Mientras la mayoría de los grandes depredadores lucían esplendorosos, nuestros antepasados se parecían más a dictadores tropicales tipo Ortega o Maduro.

1 de julio de 2018 Por: Gustavo Gómez Córdoba

Thomas Hobbes popularizó en los mil seiscientos una frase acuñada por Plauto, mil ochocientos años antes: homo homini lupus (“el hombre es un lobo para el hombre”). En su comedia Asinaria afirma que “lobo es el hombre para el hombre, y no hombre, cuando desconoce quién es su semejante”. Hobbes la utilizó para recalcar el carácter egoísta del ser humano, mismo que trata de corregirse con las reglas de la vida en comunidad.

La locución explica siglos de violencia, despojos y atropellos protagonizados por homo sapiens, autodenominado rey de la creación que, en efecto, se comporta como lo han hecho la mayoría de los reyes que moran los rincones del calendario. Ojalá el problema del exitoso primate se circunscribiera al egocentrismo. Pero no. Lo plantea con ingenio y humor negro Yuval Noah Harari en su libro De animales a dioses: breve historia de la humanidad.

Harari es un académico israelí que, después de especializarse en historia formal del mundo, terminó interesándose en historias de antes de la historia. El libro, que en inglés se titula Sapiens: a brief history of humankind, explora los puentes que se tienden entre la historia y la biología, con afirmaciones que desde hace un lustro ha desatado debates de alto calado.

Asegura Harari que los humanos prehistóricos eran animales insignificantes, con escaso impacto en el medio ambiente. Mientras la mayoría de los grandes depredadores lucían esplendorosos, nuestros antepasados se parecían más a dictadores tropicales tipo Ortega o Maduro.

En razón de que la tolerancia no ha sido precisamente una de las características del homo sapiens, convivimos en años sin testigos con parientes como los neandertales, el homo soloensis o el homo denísova. Con ellos, nuestros antepasados seguramente tuvieron sexo y también debimos haber jugado rol protagónico en su extinción. Somos genocidas por naturaleza, expertos en arrasar con toda manifestación de vida que se nos oponga o no nos sea útil.

Sapiens se convirtió en lo que es hoy en virtud de su enorme capacidad de cooperación. Los grupos de otros animales logran poner de acuerdo, como máximo, a unas cuantas docenas de miembros de su especie. Sapiens consiguió saltar del último pupitre de la clase a primera fila gracias a su capacidad de inventar ‘realidades’ (compartidas por vía oral y luego escrita) que terminaron siendo incluso más significativas que las cosas de verdad. Contar historias que son aceptadas como ciertas por millones de individuos es el secreto de nuestro cuestionable triunfo.
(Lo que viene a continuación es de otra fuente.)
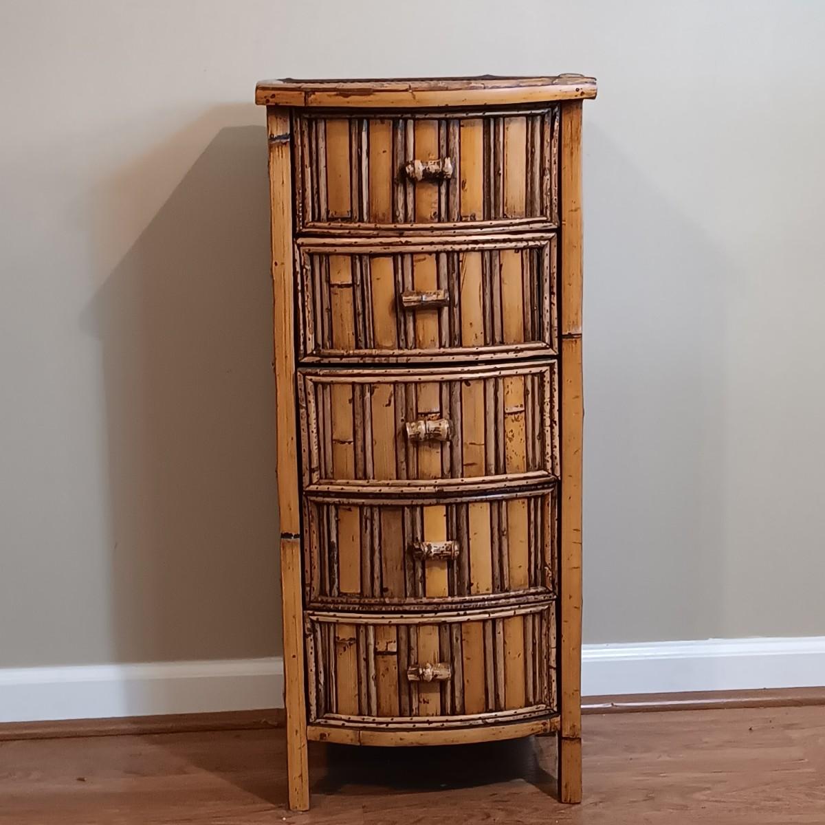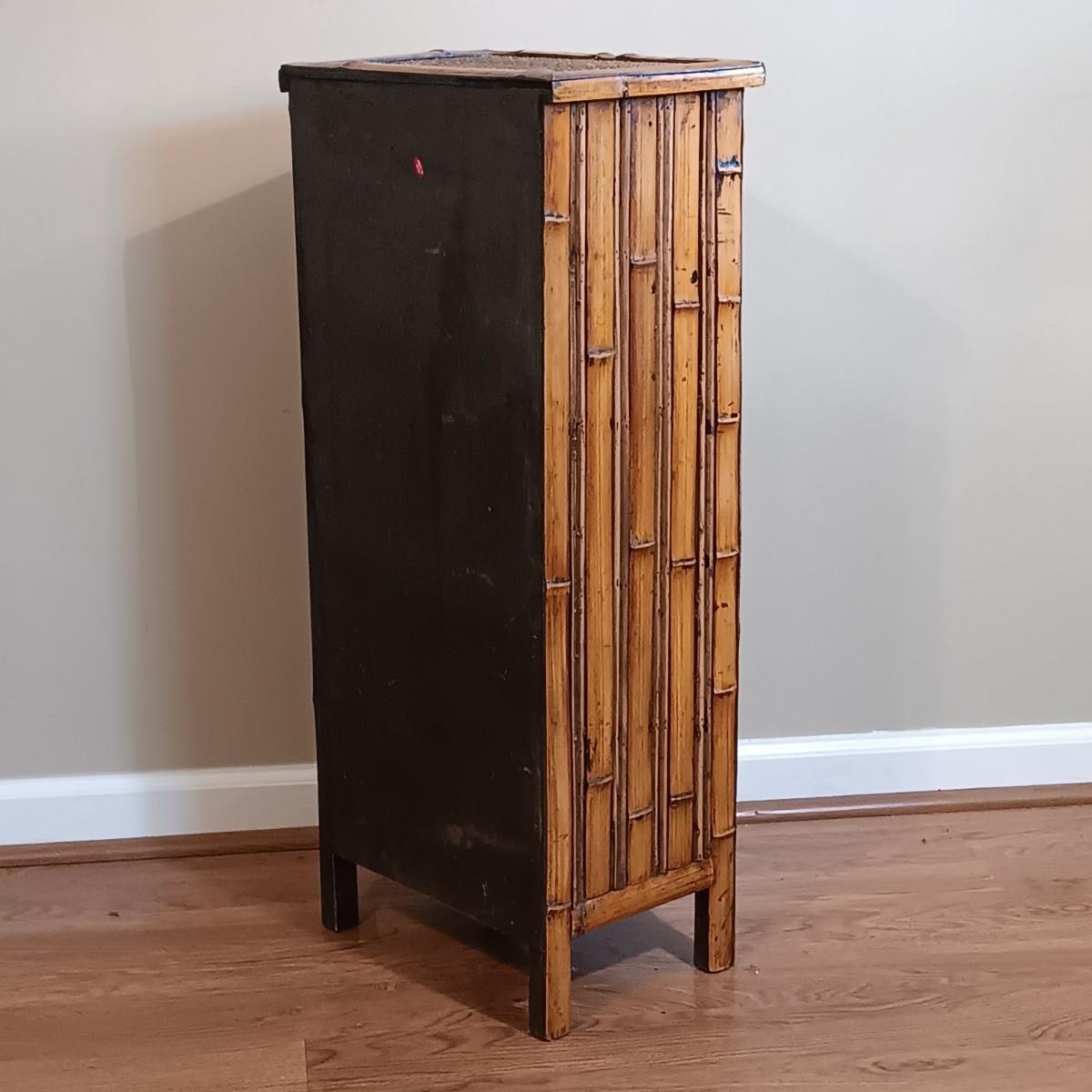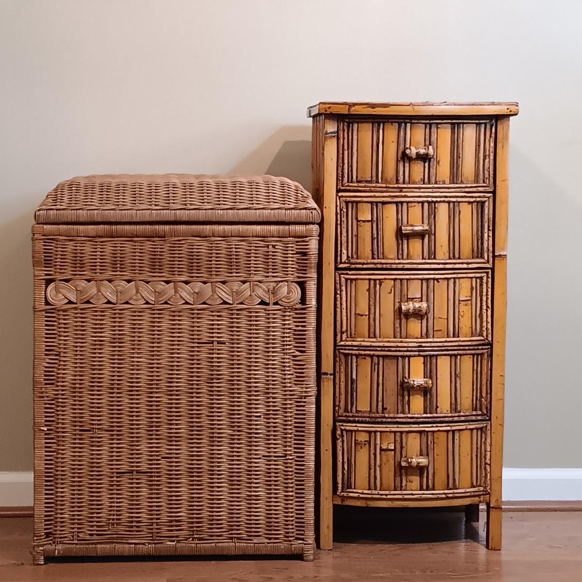 LOT 203: Bamboo and Rattan End Table with Wicker Hamper

En el mundo real no hay dioses ni ángeles, no hay fronteras ni naciones, no hay dinero ni bolsa de valores, no hay castas ni sangres mejores que otras, no hay títulos de propiedad ni sociedades anónimas, no hay sistemas legales ni constituciones, no hay justicia y ni siquiera existe eso que llamamos derechos humanos. Todo lo hemos inventado, y nos hemos asegurado de que los mitos que presentamos como reales sean, como dice Harari, el pegamento de nuestra arquitectura social. Por eso, una decisión judicial injusta vale más que un río.
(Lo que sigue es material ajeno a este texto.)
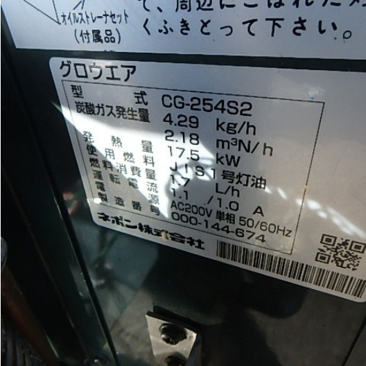 ネポン グロウエア 光合成促進機・電源:200V・燃料:灯油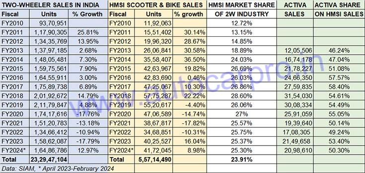 The comprehensive data table above reveals that of the 232 million two-wheelers sold in India since FY2010 till end-February 2024, HMSI accounts for 5,57,14,990 units (55.71 million units) or 24% of that, clearly establishing its status in the market. Honda recorded its best-ever fiscal sales in FY2018 – 5.77 million units, up 22% – which also meant that its contribution to India Two-Wheeler Inc was its highest at 28.60 percent. Not surprisingly, the Activa also registered its best-ever sales in FY2018 – 3.15 million units, accounting for 54% of HMSI’s total two-wheeler sales.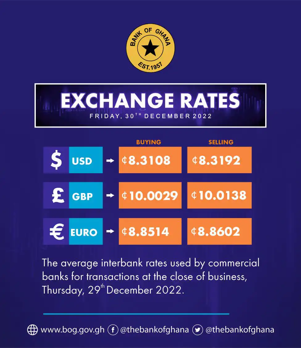 The Bank of Ghana’s interbank rates quoted on 30th December 2022 which was the last working day for buy and sell rates was approximately $1 to GHS8.31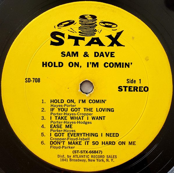 38- Sam & Dave โ Hold On, Iโm Cominโ. Stax โ SD 708 (1966, Apr.), 33 1/3 rpm. Genre: Memphis soul.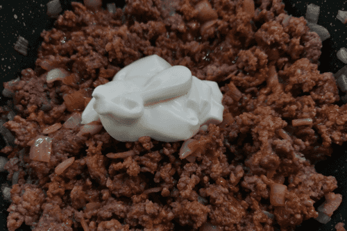 Place the minced meat in a baking dish, top with mashed potatoes, then sprinkle with remaining cheese. Send to a preheated oven at 180 degrees.

“El hombre es un lobo para el hombre”, decimos sin advertir las amplias calidades que tienen los lobos, y de las que nosotros carecemos. El hijo de Dios no es más que un asesino ecológico en serie que justifica su podredumbre amparándose en historias y figuras que no existen en el universo. Solo en su cerebro, repleto de neuronas y de egoísmo.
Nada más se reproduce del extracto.